Isn't human reasoning mostly a bunch of statistical correlation? We see a ball drop, think "things fall when dropped", and that's our model, reinforced by thousands of everyday experiences. It's purely based on outcomes.

We don't naturally reason through potential causes like "Mass exerts a gravitational force which attracts other mass."

musername · on March 5, 2015

we don't? probably because you got it backwards. The idea of attraction entails gravitation (and other forces that hold the ball up before the drop), which is the conclusion of a line of reasoning, that is a more detailed, generalized version of the observation "things fall when dropped". Sure, backtracking is a rather simple, if not the most simple approach, but for N=NP kind of problems, presumably, it is the only one and heuristics only change the order of the track, but never reduce complexity.

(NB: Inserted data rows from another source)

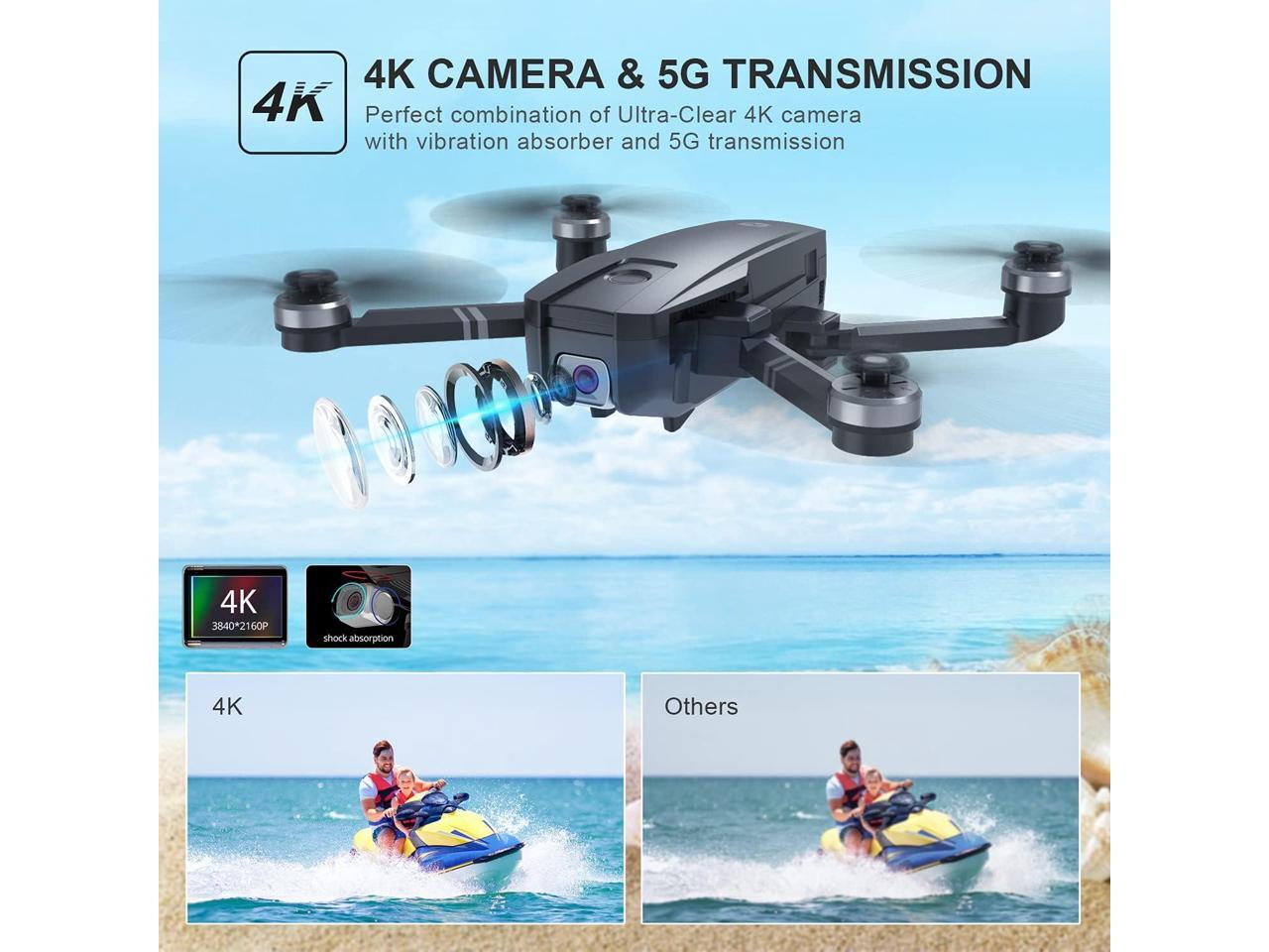 - 4K UHD Camera with Image Stabilization: The optimized full HD Camera built with Shock Absorption holder ensures shooting 3840 x 2160 high resolution images and videos without camera vibration. 5GHz FPV transmission and 90°adjustable lens enables you to see the word from different angle.
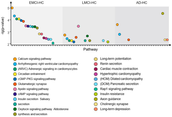 The pathways with corrected p-value < 0.01 of the EMCI−HC group, LMCI−HC group and AD−HC group.
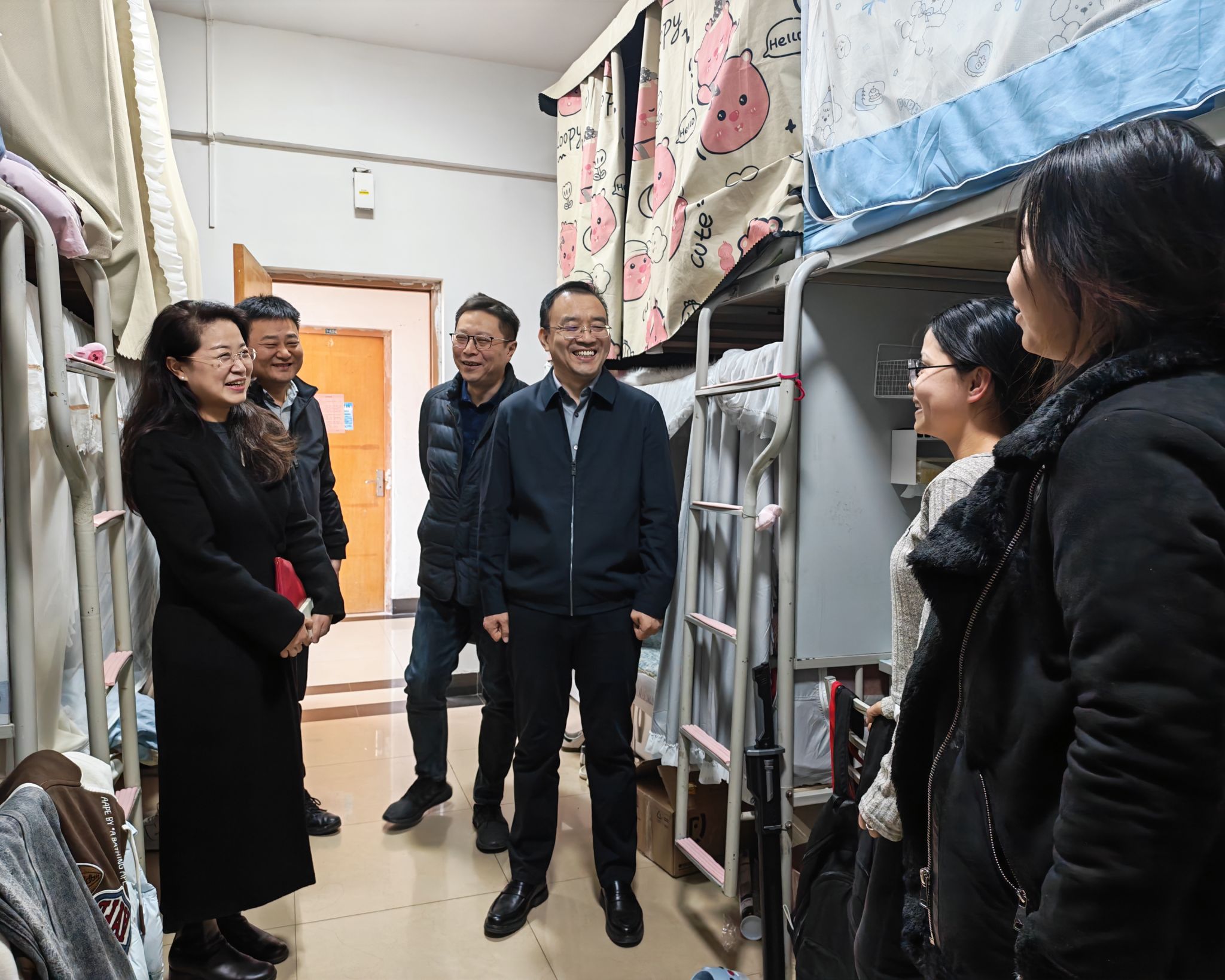 座谈会结束后,黄建友副校长一行前往学生社区及新生宿舍进行走访。走访中,黄建友副校长与学生亲切交谈,详细了解学生的住宿环境、生活状况和实际需求,叮嘱学生注意冬季保暖和宿舍安全,鼓励学生互帮互助、共同进步,让学生深切感受到学校的关怀与温暖。
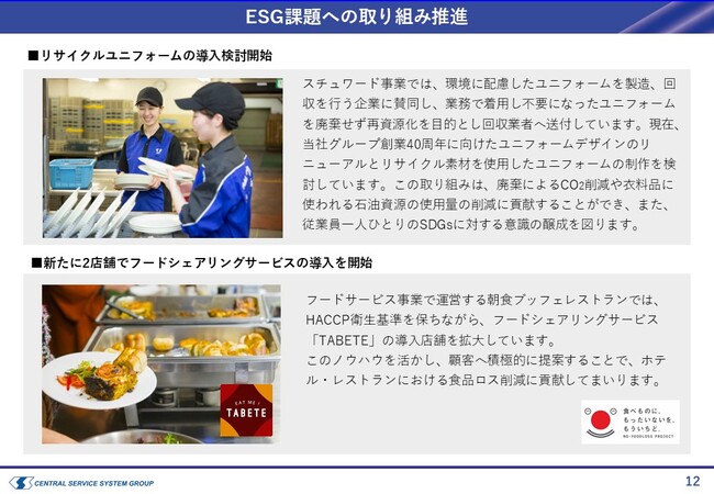 当社スチュワード事業が業務を請負う全国のホテル約170か所のうち、宴会場・レストランを併設する32のホテルにおける当社調べの稼働対前年比(2023.1/2022.1比)、レストラン入客数 31.0%アップ、宴会入客数 2.1倍、婚礼宴会入客数 53.4%アップという数字に示されるように、ホテル・レストラン・観光・レジャービジネスの復調に牽引さる形で営業収益は急伸いたしました。また、感染拡大防止策の徹底を継続するとともに、サービス事業の基本である安心・安全への不断の努力、過剰な消費の抑制や廃棄物の削減、従業員の働きがいや心理的安全性への配慮などにも積極的に取り組んでまいりました。

That's my layman opinion, that seems to agree with the etymology of reason. Reason > ... > Ratio ... Reor. Reor is latin for to think, or calculate. Arithmetic in its simplest form, addition in the unary system ie. arranging pebbles (= lt. calculus), counting knots, simply counting. Now backtracking is just enumeration and elimination of possibilities. Ratio itself means measure, and a measurement always entails statistical error (does heisenbergs uncertainty principle prove that?).

on March 4, 2015

[deleted]

throwawaymsft · on March 4, 2015

I think the insight with DeepMind is that it's built on layers upon layers. There might be a "manager" algorithm that is taking input from your memories, another from your mood, and a "manager of managers", and so on.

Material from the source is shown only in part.